Usted está aquí: miércoles 16 de noviembre de 2005 Opinión Adiós, Emilio

Arnoldo Kraus

Adiós, Emilio

Querido Emilio Ebergenyi:

Alguna vez, Emilio, te dije cuando platicábamos acerca del dolor que rodea a la muerte que lo importante era que las personas nos quedásemos con la vida de los muertos y no con sus cosas. Tú sabías bien de lo que hablaba. Con la vida implica, por supuesto, la voz, la memoria, las calles, las copas de vino vacías y los diálogos entre amigos. Esos diálogos que nunca son suficientes porque el tiempo siempre es enemigo y porque rara vez nos perdemos para atrapar la vida. Te lo comenté el día que me preguntaste acerca del dolor que en ocasiones viven los médicos tras la muerte de algunos enfermos.

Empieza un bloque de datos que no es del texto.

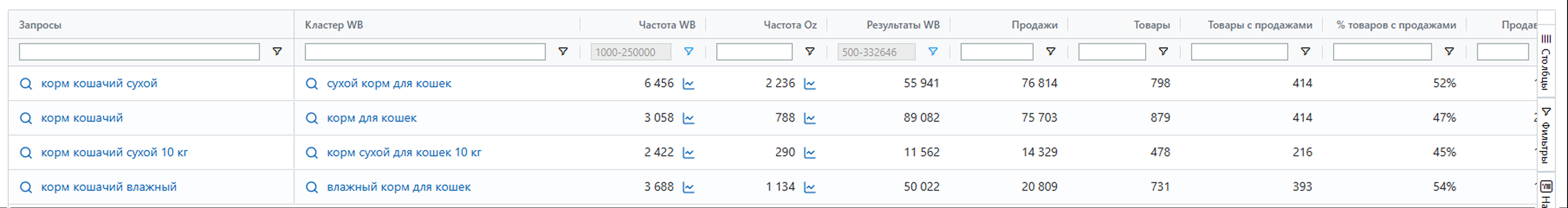 В таблице показана информация по каждому релевантному запросу, где в каждой колонке содержатся данные по выбранным ранее критериям.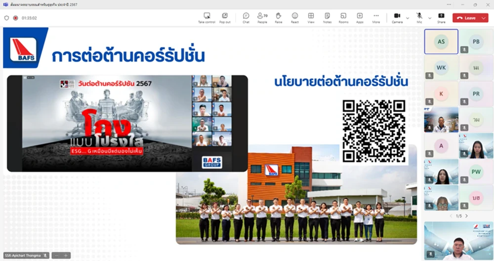 นอกจากนี้ บริษัท BAFS ยังได้เชิญชวนและให้คำปรึกษากับคู่ธุรกิจที่ประสงค์จะเข้าร่วม โครงการ CAC (Collective Action Against Corruption) เพื่อประกาศเจตนารมณ์ในการต่อต้านการทุจริตและขอรับรองการเป็นสมาชิกโครงการ ซึ่งเป็นส่วนหนึ่งของความมุ่งมั่นในการสร้างธุรกิจที่มีจริยธรรม โปร่งใส และยั่งยืนการจัดสัมมนาครั้งนี้สะท้อนถึงความสำคัญของการพัฒนาความสัมพันธ์ระหว่าง BAFS และคู่ธุรกิจในระยะยาว โดยมุ่งเน้นการส่งเสริมการทำธุรกิจที่มีความรับผิดชอบต่อสังคมและสิ่งแวดล้อม พร้อมทั้งให้ความสำคัญกับการต่อต้านการทุจริตในทุกขั้นตอนการดำเนินงาน

Pensé que ese dolor no debía ser muy diferente al del locutor que cada mañana tiene que retratar la infinita complejidad de la realidad; al del locutor-lector que amanece temprano empapado por las heridas y el sufrimiento que conllevan las noticias cotidianas y al del locutor-persona que se siente agraviado por el infinito peso de la sinrazón.

Te pregunté, ¿recuerdas?, si en la radio y en la vida bromeabas tanto para no dejar un pedazo tuyo ante tanta devastación o, simplemente, para matizar las dagas de la inquina. Te lo dije porque sentía que tus risas infinitas eran una vía para impedir que el dolor de los otros tocase y trastocase "demasiado" tu vida. Te lo dije también, porque días atrás te había pedido en mi consultorio que leyeses, con tu voz inigualable, unas líneas: "El problema de la muerte no es la muerte en sí, sino la total ausencia. La ausencia como vacío sin fin, como espacio incomprensible, como tiempo sin tiempo, como la terrible realidad de la amistad que finaliza para siempre cuando una vida se acaba. La muerte es la ausencia del cuerpo, la soledad del silencio, el recuerdo del olor que nunca regresa, la tristeza por la voz que deja de hablar".

Tu voz cautivadora no permitía tregua alguna. Te pedí que obviases unas líneas inacabadas y que leyeses otros renglones. Entre broma y broma accediste: "Como la muerte que nunca es la misma, cada ser humano es distinto. Difieren la mirada rota, la palabra trunca, el rostro imposible, el alma ulcerada, el vacío inhabitable. Ante la muerte nada es igual. Frente a ella, la única fuerza que aminora su paso siempre triunfal consiste en recoger del cadáver el último aliento. Y respirarlo. Y olerlo. Y convertirlo en uno mismo".

Finalmente, me pediste que te leyese unas líneas: "Ante la muerte, ante el abandono, lo único que pervive son las palabras. Las palabras que viajan, las palabras que acompañan, las palabras que nos permiten hablar y tocar".

¿Recuerdas, Emilio, esas reflexiones? Cómo me hubiese gustado no tener que escribir estas líneas y en vez de ellas seguir platicando contigo acerca de las deudas que algunos médicos (y radioescuchas) tenemos hacia los pacientes. Sobre todo, las deudas que permiten al médico colocar el estetoscopio a su enfermo para que éste lo escuche. Cómo me gustaría seguir recibiendo llamadas de amigos que me dijesen: "Arnoldo, Emilio leyó en Radio Educación tu artículo". Qué bueno sería que me siguieses contando historias infinitas, cuya trama inundaba los caminos de la vida. De la vida que amaste y de la cual fuiste maestro. Cómo me gustaría, querido Emilio, seguirte escuchando por la radio.

Con el mejor de mis abrazos para Hilda, Ingrid y Victor.